• _Work to complete_
Look below for the line with "京东超市宴席酒负责人表示,现" and the line with "มหาวิทยาลัยแม่โจ้ ครั้งที่ 48"; repeat exactly those two lines and all lines between them, but no pictures.
==== Information given
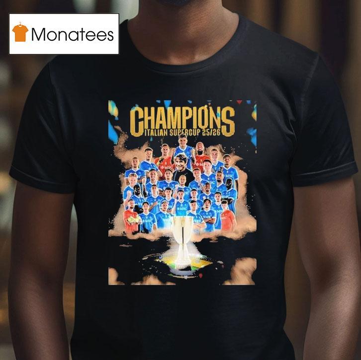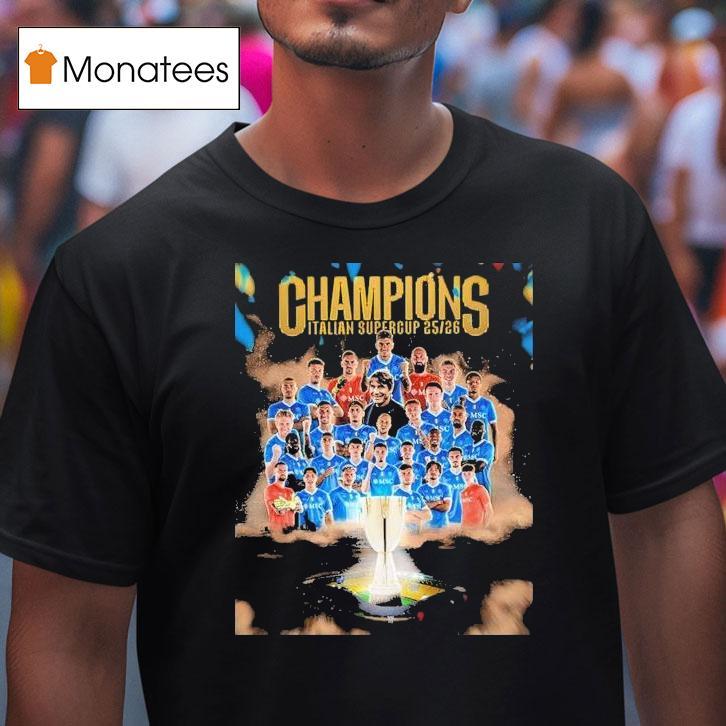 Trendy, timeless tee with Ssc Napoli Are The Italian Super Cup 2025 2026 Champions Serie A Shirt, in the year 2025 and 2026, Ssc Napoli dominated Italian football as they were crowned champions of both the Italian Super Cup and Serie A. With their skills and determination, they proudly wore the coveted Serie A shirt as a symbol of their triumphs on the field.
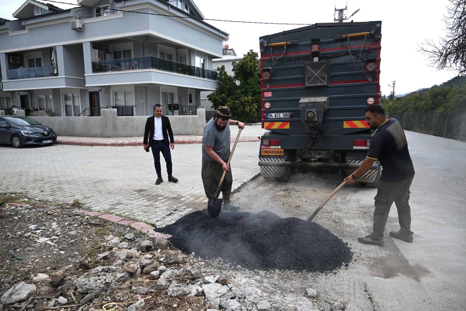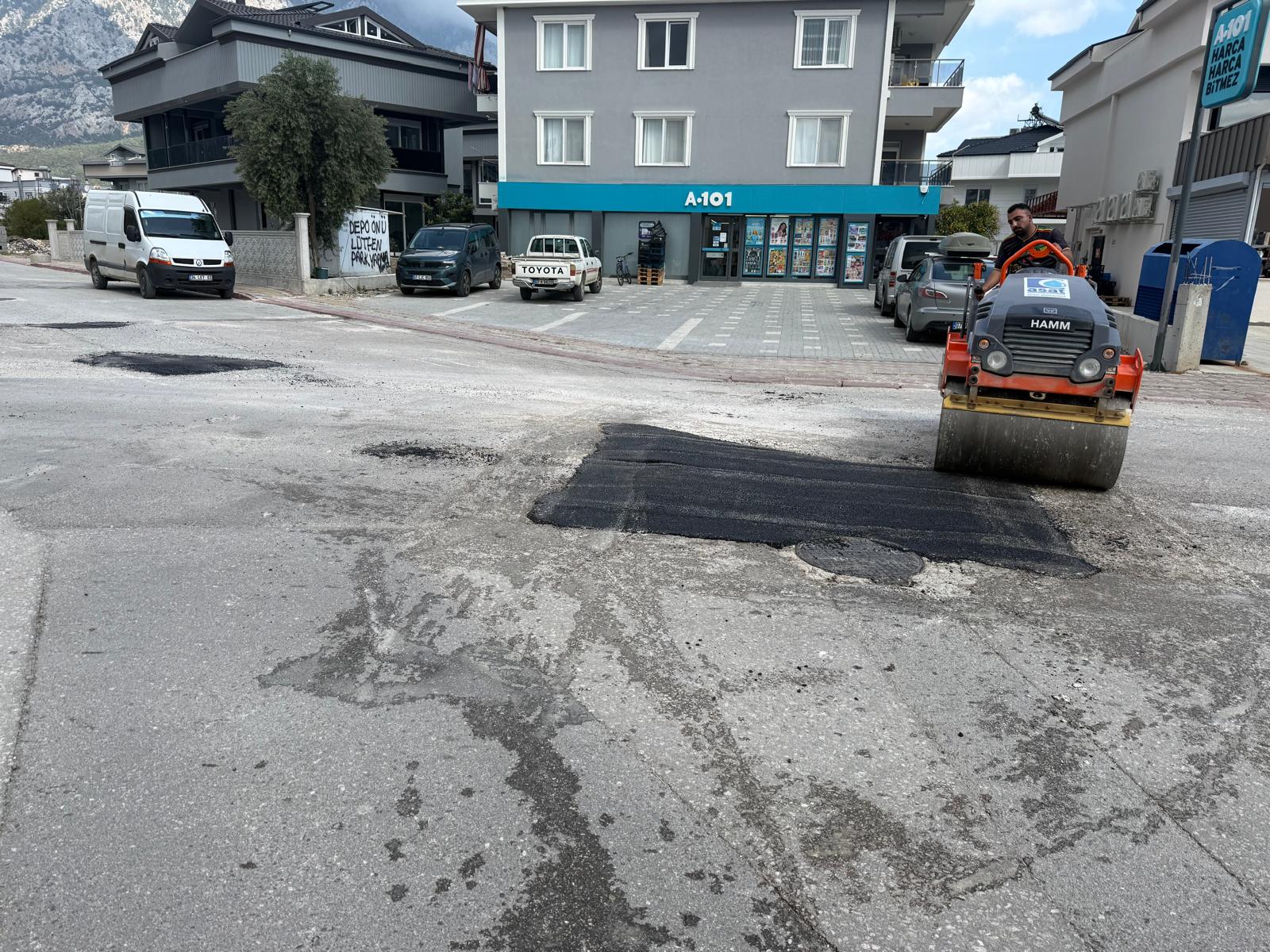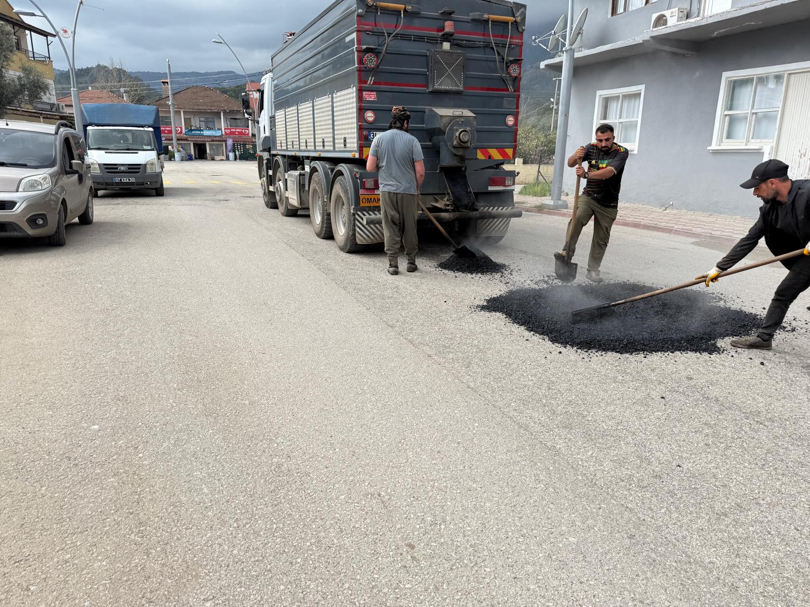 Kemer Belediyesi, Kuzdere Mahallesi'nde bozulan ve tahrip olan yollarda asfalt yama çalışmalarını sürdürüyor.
========
==== Information given
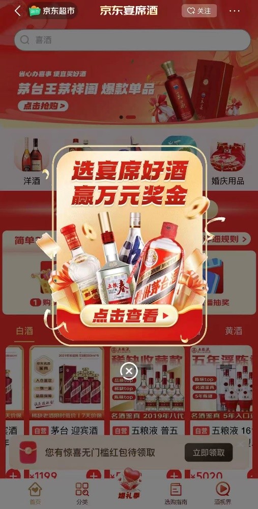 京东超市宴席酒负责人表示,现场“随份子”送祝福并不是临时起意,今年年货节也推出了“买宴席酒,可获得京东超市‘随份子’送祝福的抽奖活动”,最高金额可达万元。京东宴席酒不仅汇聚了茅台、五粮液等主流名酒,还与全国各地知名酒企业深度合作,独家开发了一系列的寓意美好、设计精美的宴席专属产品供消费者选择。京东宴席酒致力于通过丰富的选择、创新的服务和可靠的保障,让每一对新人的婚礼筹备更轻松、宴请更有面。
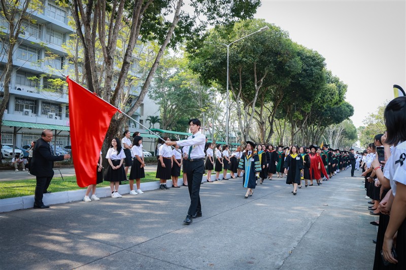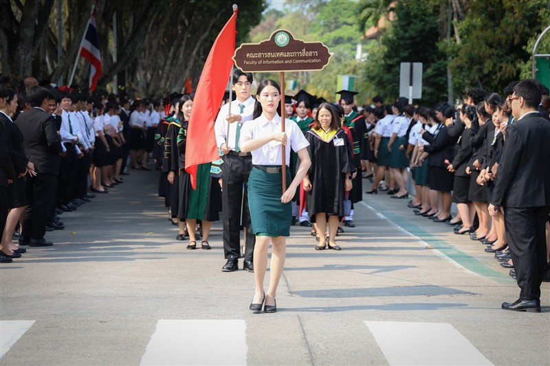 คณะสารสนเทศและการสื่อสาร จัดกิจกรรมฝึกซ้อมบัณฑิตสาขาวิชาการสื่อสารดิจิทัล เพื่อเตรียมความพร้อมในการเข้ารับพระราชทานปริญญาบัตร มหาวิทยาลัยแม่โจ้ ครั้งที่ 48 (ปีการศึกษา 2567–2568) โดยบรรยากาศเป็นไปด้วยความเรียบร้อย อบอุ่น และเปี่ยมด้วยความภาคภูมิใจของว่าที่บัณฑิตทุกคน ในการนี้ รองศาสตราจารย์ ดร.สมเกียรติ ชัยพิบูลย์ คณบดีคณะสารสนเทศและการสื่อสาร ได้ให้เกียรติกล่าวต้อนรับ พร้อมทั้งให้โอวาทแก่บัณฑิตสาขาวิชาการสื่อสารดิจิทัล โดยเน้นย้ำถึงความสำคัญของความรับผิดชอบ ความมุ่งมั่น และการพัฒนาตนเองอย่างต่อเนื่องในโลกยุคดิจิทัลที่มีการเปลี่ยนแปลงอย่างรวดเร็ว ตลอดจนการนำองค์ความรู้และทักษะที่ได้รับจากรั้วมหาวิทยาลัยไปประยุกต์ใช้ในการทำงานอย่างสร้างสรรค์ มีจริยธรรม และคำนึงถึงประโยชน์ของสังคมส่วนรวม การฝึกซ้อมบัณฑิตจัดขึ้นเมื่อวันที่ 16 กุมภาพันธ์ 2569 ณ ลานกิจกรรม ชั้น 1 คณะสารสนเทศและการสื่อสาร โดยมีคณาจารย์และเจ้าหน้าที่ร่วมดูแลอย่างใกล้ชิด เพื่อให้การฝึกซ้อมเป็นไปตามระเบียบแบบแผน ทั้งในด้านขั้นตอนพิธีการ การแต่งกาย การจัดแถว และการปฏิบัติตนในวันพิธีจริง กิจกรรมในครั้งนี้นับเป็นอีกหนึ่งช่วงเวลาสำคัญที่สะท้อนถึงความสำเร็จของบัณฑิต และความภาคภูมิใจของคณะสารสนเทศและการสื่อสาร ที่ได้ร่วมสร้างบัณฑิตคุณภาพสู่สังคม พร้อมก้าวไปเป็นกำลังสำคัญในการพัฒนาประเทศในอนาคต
========
==== Information given
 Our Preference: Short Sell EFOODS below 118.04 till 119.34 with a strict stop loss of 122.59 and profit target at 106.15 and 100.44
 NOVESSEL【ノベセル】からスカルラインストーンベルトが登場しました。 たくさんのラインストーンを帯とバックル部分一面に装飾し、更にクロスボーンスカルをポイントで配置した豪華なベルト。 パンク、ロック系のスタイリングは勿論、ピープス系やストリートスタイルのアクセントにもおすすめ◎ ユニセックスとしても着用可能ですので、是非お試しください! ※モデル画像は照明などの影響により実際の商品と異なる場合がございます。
========
• _Answer to the exercise_
 京东超市宴席酒负责人表示,现场“随份子”送祝福并不是临时起意,今年年货节也推出了“买宴席酒,可获得京东超市‘随份子’送祝福的抽奖活动”,最高金额可达万元。京东宴席酒不仅汇聚了茅台、五粮液等主流名酒,还与全国各地知名酒企业深度合作,独家开发了一系列的寓意美好、设计精美的宴席专属产品供消费者选择。京东宴席酒致力于通过丰富的选择、创新的服务和可靠的保障,让每一对新人的婚礼筹备更轻松、宴请更有面。
 คณะสารสนเทศและการสื่อสาร จัดกิจกรรมฝึกซ้อมบัณฑิตสาขาวิชาการสื่อสารดิจิทัล เพื่อเตรียมความพร้อมในการเข้ารับพระราชทานปริญญาบัตร มหาวิทยาลัยแม่โจ้ ครั้งที่ 48 (ปีการศึกษา 2567–2568) โดยบรรยากาศเป็นไปด้วยความเรียบร้อย อบอุ่น และเปี่ยมด้วยความภาคภูมิใจของว่าที่บัณฑิตทุกคน ในการนี้ รองศาสตราจารย์ ดร.สมเกียรติ ชัยพิบูลย์ คณบดีคณะสารสนเทศและการสื่อสาร ได้ให้เกียรติกล่าวต้อนรับ พร้อมทั้งให้โอวาทแก่บัณฑิตสาขาวิชาการสื่อสารดิจิทัล โดยเน้นย้ำถึงความสำคัญของความรับผิดชอบ ความมุ่งมั่น และการพัฒนาตนเองอย่างต่อเนื่องในโลกยุคดิจิทัลที่มีการเปลี่ยนแปลงอย่างรวดเร็ว ตลอดจนการนำองค์ความรู้และทักษะที่ได้รับจากรั้วมหาวิทยาลัยไปประยุกต์ใช้ในการทำงานอย่างสร้างสรรค์ มีจริยธรรม และคำนึงถึงประโยชน์ของสังคมส่วนรวม การฝึกซ้อมบัณฑิตจัดขึ้นเมื่อวันที่ 16 กุมภาพันธ์ 2569 ณ ลานกิจกรรม ชั้น 1 คณะสารสนเทศและการสื่อสาร โดยมีคณาจารย์และเจ้าหน้าที่ร่วมดูแลอย่างใกล้ชิด เพื่อให้การฝึกซ้อมเป็นไปตามระเบียบแบบแผน ทั้งในด้านขั้นตอนพิธีการ การแต่งกาย การจัดแถว และการปฏิบัติตนในวันพิธีจริง กิจกรรมในครั้งนี้นับเป็นอีกหนึ่งช่วงเวลาสำคัญที่สะท้อนถึงความสำเร็จของบัณฑิต และความภาคภูมิใจของคณะสารสนเทศและการสื่อสาร ที่ได้ร่วมสร้างบัณฑิตคุณภาพสู่สังคม พร้อมก้าวไปเป็นกำลังสำคัญในการพัฒนาประเทศในอนาคต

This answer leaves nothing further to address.